* Given records:
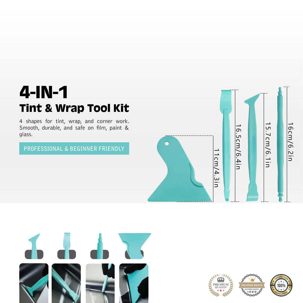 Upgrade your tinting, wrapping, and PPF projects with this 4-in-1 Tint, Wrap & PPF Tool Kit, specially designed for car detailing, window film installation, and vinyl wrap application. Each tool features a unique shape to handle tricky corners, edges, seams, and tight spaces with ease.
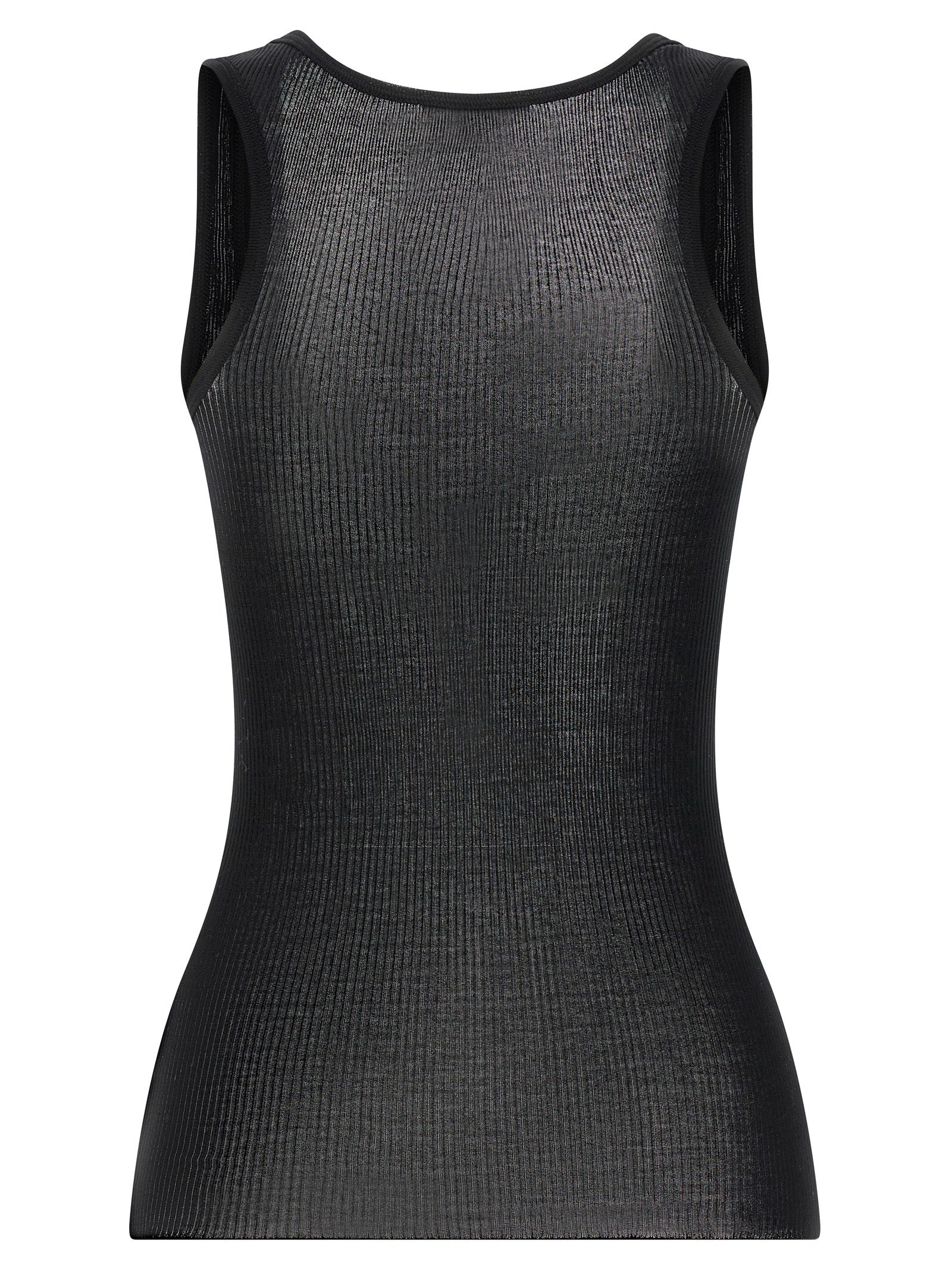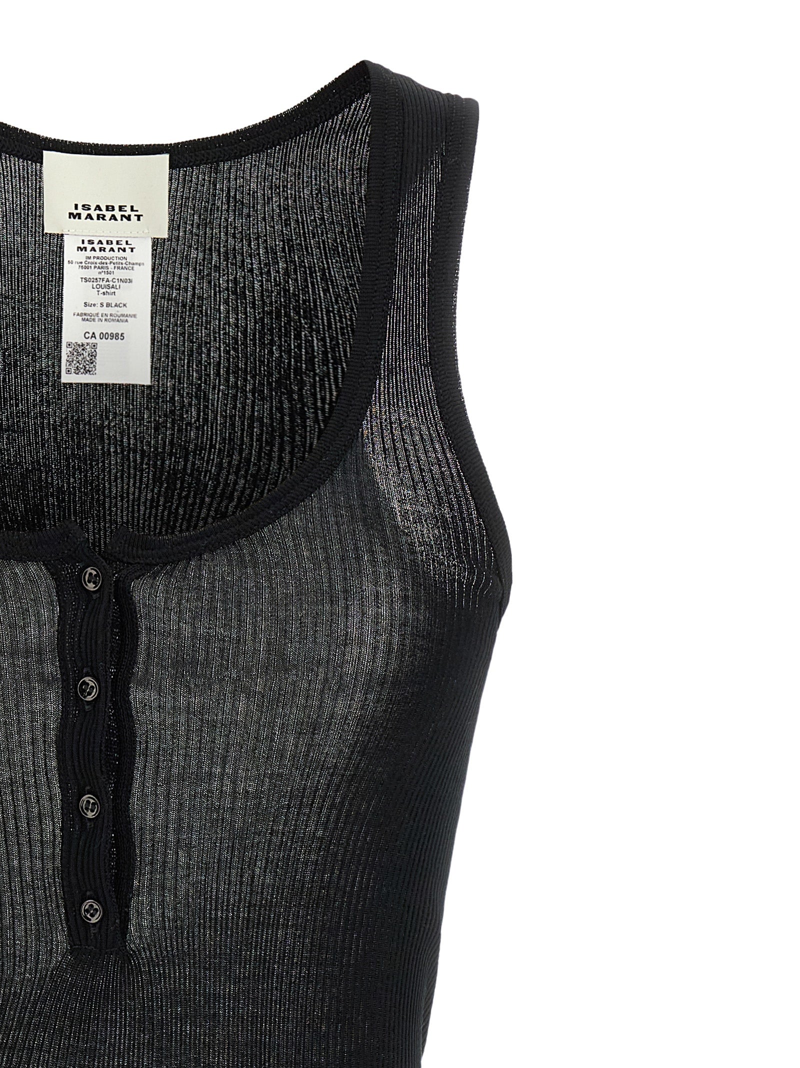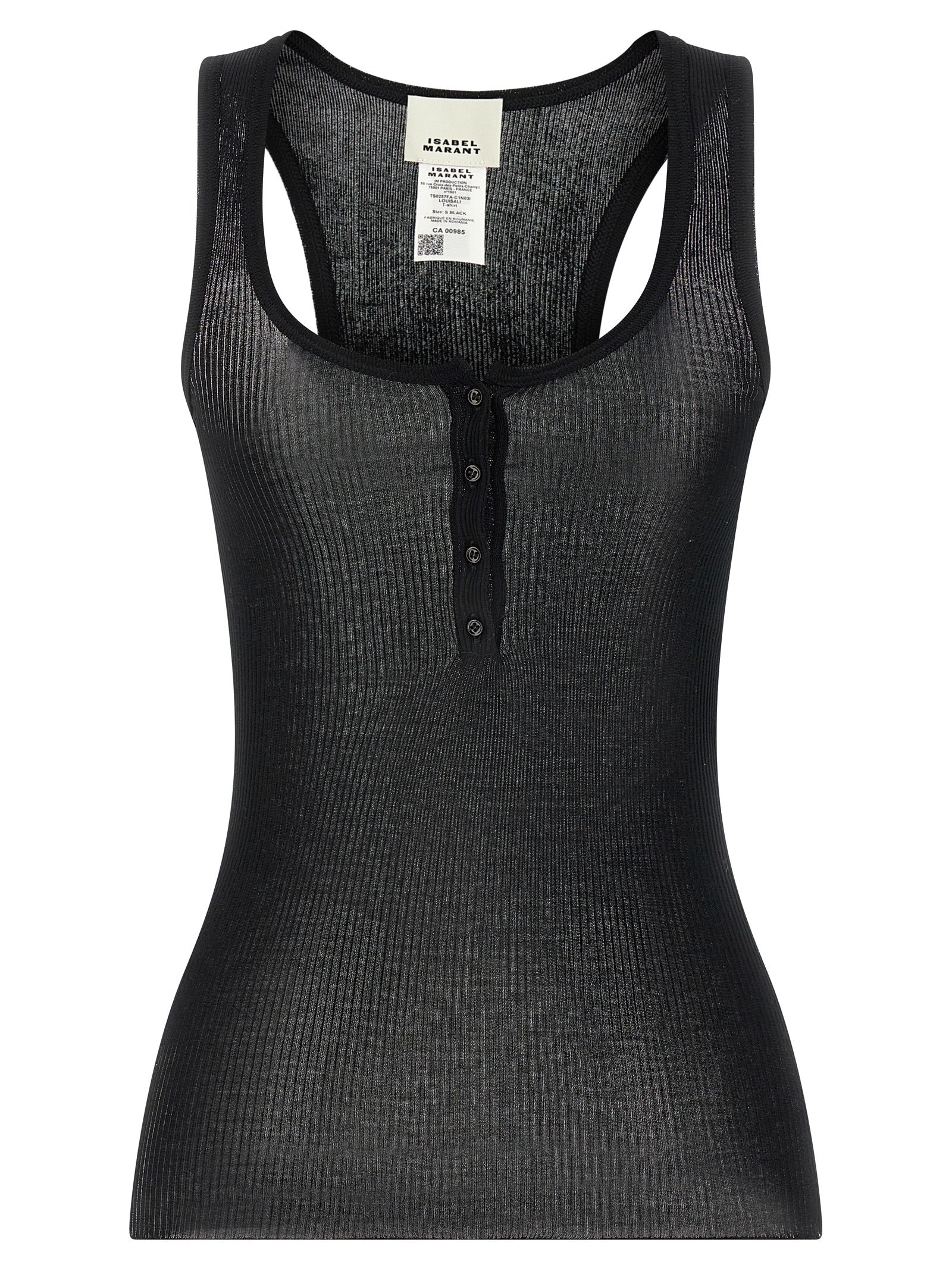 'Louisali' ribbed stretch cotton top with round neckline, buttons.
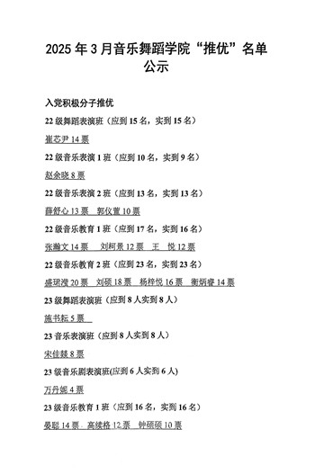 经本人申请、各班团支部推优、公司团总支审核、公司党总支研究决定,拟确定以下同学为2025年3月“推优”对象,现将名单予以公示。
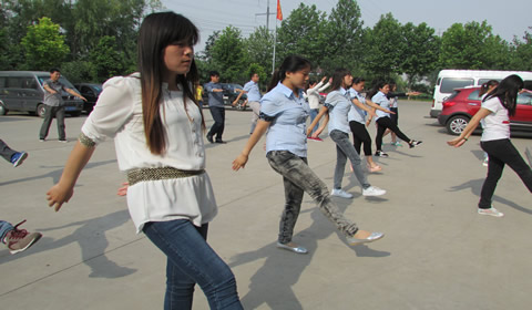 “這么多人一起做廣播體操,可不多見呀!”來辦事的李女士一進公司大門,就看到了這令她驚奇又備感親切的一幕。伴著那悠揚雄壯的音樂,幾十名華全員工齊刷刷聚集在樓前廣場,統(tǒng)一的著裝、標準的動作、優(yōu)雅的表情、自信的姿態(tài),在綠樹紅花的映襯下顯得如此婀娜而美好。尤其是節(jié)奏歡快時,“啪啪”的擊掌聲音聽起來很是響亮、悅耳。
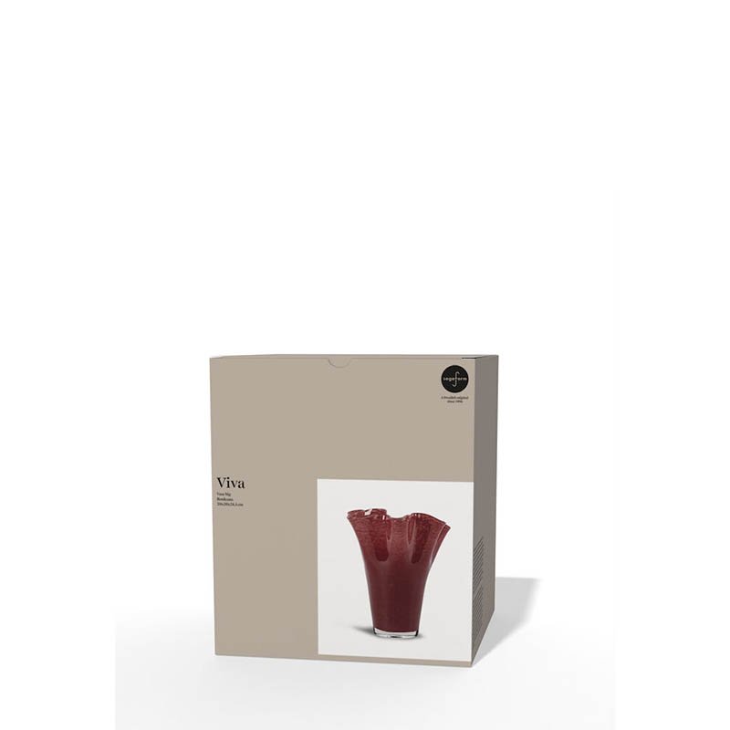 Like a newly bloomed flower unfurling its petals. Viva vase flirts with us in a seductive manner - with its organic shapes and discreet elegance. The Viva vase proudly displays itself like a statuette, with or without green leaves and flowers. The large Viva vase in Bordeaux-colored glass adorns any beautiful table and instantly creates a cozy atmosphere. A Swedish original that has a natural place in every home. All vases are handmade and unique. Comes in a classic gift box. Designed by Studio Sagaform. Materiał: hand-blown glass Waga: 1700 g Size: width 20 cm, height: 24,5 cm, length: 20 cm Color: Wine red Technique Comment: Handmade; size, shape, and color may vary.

* About this task:
Are you able to set down all the lines above exactly, without any pictures?

* Output for this task:
 Upgrade your tinting, wrapping, and PPF projects with this 4-in-1 Tint, Wrap & PPF Tool Kit, specially designed for car detailing, window film installation, and vinyl wrap application. Each tool features a unique shape to handle tricky corners, edges, seams, and tight spaces with ease.
 'Louisali' ribbed stretch cotton top with round neckline, buttons.
 经本人申请、各班团支部推优、公司团总支审核、公司党总支研究决定,拟确定以下同学为2025年3月“推优”对象,现将名单予以公示。
 “這么多人一起做廣播體操,可不多見呀!”來辦事的李女士一進公司大門,就看到了這令她驚奇又備感親切的一幕。伴著那悠揚雄壯的音樂,幾十名華全員工齊刷刷聚集在樓前廣場,統(tǒng)一的著裝、標準的動作、優(yōu)雅的表情、自信的姿態(tài),在綠樹紅花的映襯下顯得如此婀娜而美好。尤其是節(jié)奏歡快時,“啪啪”的擊掌聲音聽起來很是響亮、悅耳。
 Like a newly bloomed flower unfurling its petals. Viva vase flirts with us in a seductive manner - with its organic shapes and discreet elegance. The Viva vase proudly displays itself like a statuette, with or without green leaves and flowers. The large Viva vase in Bordeaux-colored glass adorns any beautiful table and instantly creates a cozy atmosphere. A Swedish original that has a natural place in every home. All vases are handmade and unique. Comes in a classic gift box. Designed by Studio Sagaform. Materiał: hand-blown glass Waga: 1700 g Size: width 20 cm, height: 24,5 cm, length: 20 cm Color: Wine red Technique Comment: Handmade; size, shape, and color may vary.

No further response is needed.